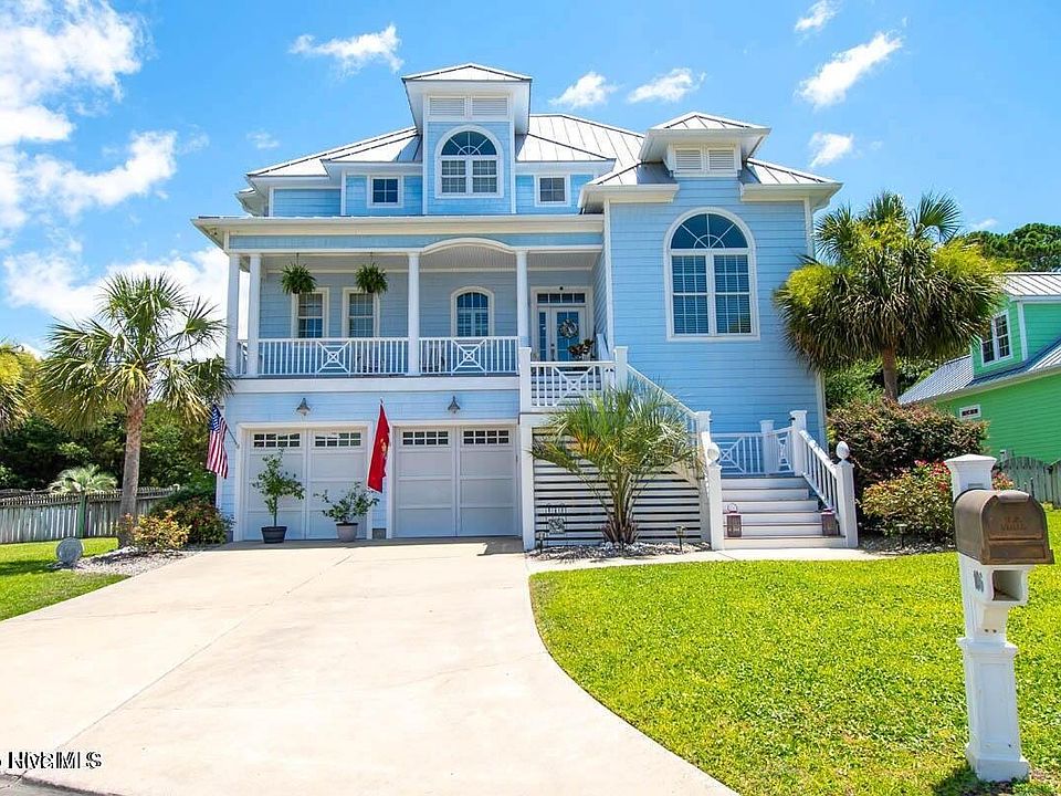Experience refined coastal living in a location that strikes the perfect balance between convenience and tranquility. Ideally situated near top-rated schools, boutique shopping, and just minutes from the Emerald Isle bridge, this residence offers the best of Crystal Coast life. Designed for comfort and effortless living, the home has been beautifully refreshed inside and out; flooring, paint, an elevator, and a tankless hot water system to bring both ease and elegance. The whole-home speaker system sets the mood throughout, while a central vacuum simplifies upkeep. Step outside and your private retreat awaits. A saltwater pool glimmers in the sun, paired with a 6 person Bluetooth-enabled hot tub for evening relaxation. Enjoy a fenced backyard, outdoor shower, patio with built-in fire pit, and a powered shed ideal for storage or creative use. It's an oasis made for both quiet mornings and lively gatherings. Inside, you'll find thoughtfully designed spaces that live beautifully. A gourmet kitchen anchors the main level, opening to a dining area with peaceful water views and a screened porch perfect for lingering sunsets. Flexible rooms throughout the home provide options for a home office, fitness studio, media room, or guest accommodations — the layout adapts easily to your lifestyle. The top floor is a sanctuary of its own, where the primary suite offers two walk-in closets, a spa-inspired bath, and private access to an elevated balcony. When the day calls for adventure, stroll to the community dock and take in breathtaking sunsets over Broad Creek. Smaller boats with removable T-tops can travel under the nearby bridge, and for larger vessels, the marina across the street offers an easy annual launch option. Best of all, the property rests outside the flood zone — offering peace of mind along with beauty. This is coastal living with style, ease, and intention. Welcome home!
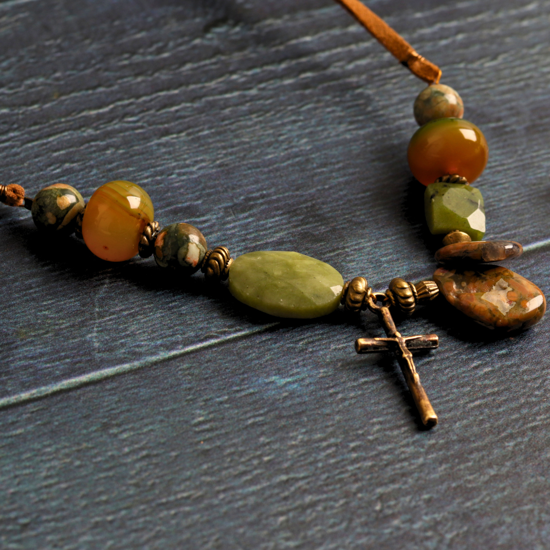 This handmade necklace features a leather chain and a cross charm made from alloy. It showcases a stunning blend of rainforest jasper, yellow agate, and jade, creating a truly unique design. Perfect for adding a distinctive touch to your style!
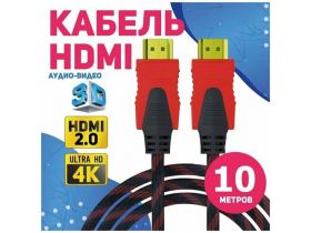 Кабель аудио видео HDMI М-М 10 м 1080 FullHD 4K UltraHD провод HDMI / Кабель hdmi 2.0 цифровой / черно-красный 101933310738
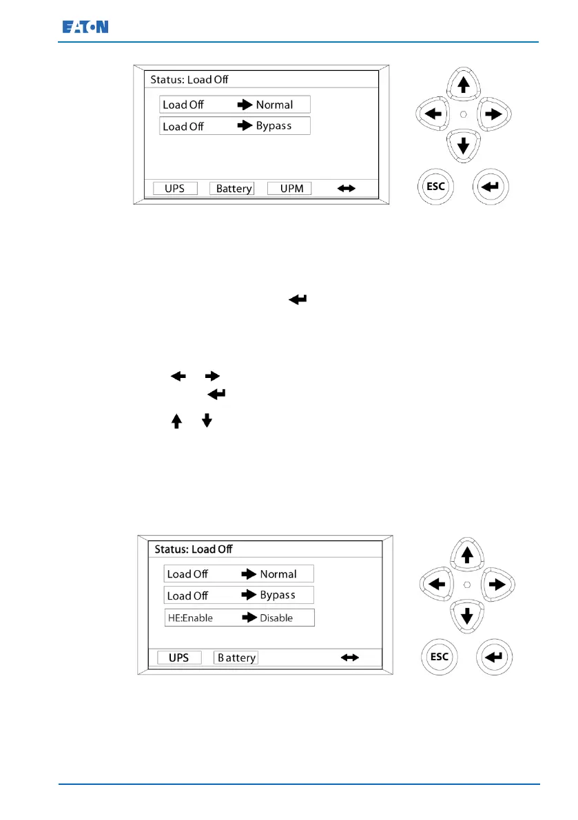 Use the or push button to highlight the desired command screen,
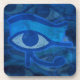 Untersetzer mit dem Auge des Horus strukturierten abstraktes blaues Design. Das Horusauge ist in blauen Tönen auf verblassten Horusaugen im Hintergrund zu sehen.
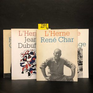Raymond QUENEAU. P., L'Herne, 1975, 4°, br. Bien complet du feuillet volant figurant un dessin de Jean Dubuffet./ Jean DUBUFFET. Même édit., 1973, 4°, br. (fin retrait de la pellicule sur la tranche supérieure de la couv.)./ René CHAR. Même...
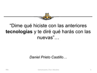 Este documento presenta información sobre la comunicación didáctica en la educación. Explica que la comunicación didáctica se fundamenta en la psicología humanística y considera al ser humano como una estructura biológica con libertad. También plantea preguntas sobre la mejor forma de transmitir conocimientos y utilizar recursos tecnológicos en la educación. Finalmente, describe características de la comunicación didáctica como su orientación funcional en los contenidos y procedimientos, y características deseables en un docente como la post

◆ ◆ ◆ ◆ ◆ ◆ ◆

- _Aim of the exercise_: Above is the material; set down exactly its lines from the one containing "Use the or push" down to the one containing "Raymond QUENEAU. P., L'Herne, 1975, 4°, br.", both included, leaving out any pictures.

- _Solution for this problem_:
 Use the or push button to highlight the desired command screen,
 Untersetzer mit dem Auge des Horus strukturierten abstraktes blaues Design. Das Horusauge ist in blauen Tönen auf verblassten Horusaugen im Hintergrund zu sehen.
Raymond QUENEAU. P., L'Herne, 1975, 4°, br. Bien complet du feuillet volant figurant un dessin de Jean Dubuffet./ Jean DUBUFFET. Même édit., 1973, 4°, br. (fin retrait de la pellicule sur la tranche supérieure de la couv.)./ René CHAR. Même...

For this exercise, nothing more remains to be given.